Evaluating the Performance of Machine Learning Models in Remote Sensing for Sustainable Development Goals: A Meta-Analysis

Author
Affiliation

Nina Maria Leach

UNIVERSITEIT LEIDEN

Published

November 13, 2024

Foreword

The aim of this research was to assess whether study features can explain variations in results across studies. To my knowledge, this is the first study to apply weighted meta-analysis techniques to examining the performance of machine learning models in remote sensing. While I intended to adhere to PRISMA guidelines, the exploratory nature of the topic—and my own learning journey—meant pre-registration was ultimately not conducted, and with data extraction carried out solely by myself, there is a degree of subjectivity and potential for error there. But I’m giving away spoilers for the discussion, so I’ll stop myself there!

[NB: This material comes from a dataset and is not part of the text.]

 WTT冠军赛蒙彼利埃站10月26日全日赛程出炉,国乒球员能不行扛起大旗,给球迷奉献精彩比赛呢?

I have succeeded in building this manuscript using Quarto, with minimal stylistic adjustments after rendering. The entire code for this project is available on GitHub, and an HTML version with integrated code chunks can be accessed on GitHub Pages website. The data processing and paper selection analysis scripts are all available on the GitHub-hosted site under the appendix (more details about the file organisation are available on the GitHub page). I have also integrated the Leiden University master thesis cover format into the Quarto book, so if any future student would like to reuse it please do! I toyed with the idea of creating a Quarto book template but that is a project for another day.

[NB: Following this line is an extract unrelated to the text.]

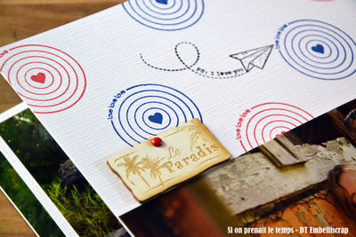Je l'ai encrée à la distress bleu marine et les fleurs à la distress oxyde rouge. Pour les détails, j'ai utilisé les neocolors et cela fonctionne bien !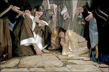 Then each of them went home, while Jesus went to the Mount of Olives. Early in the morning he came again to the temple. All the people came to him and he sat down and began to teach them. The scribes and the Pharisees brought a woman who had been caught in adultery; and making her stand before all of them, they said to him, ‘Teacher, this woman was caught in the very act of committing adultery. Now in the law Moses commanded us to stone such women. Now what do you say?’ They said this to test him, so that they might have some charge to bring against him. Jesus bent down and wrote with his finger on the ground. When they kept on questioning him, he straightened up and said to them, ‘Let anyone among you who is without sin be the first to throw a stone at her.’ And once again he bent down and wrote on the ground. When they heard it, they went away, one by one, beginning with the elders; and Jesus was left alone with the woman standing before him. Jesus straightened up and said to her, ‘Woman, where are they? Has no one condemned you?’ She said, ‘No one, sir.’ And Jesus said, ‘Neither do I condemn you. Go your way, and from now on do not sin again.’ (John 7:53—8:11, NRSV)

One last thing, in the discussion of this thesis I suggest that journals should begin requesting data submissions alongside the manuscript to enable active, ongoing meta-analyses. In support of this idea, I developed a small pilot website to demonstrate how such a system might work. If anyone feels inclined to add to the dataset, there are instructions on how to do that there.

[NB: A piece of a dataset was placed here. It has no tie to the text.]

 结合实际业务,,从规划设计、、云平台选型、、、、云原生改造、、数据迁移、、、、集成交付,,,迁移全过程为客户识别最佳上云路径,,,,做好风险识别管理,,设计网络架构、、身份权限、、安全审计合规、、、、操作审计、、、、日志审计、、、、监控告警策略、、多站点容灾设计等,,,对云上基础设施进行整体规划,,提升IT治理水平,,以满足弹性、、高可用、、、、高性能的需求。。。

To the reader: thank you for taking the time to read my thesis— there’s still time to stop reading, and I won’t know any different! If you’ve made it this far —hi supervisors, and independent reader (, and mum!?)— I would like to apologize in advance for continuing the convention of inconsistent notation across meta-analysis research. I can only hope I have been consistent within my own work as its best not to change notations \(\mu\)-dstream.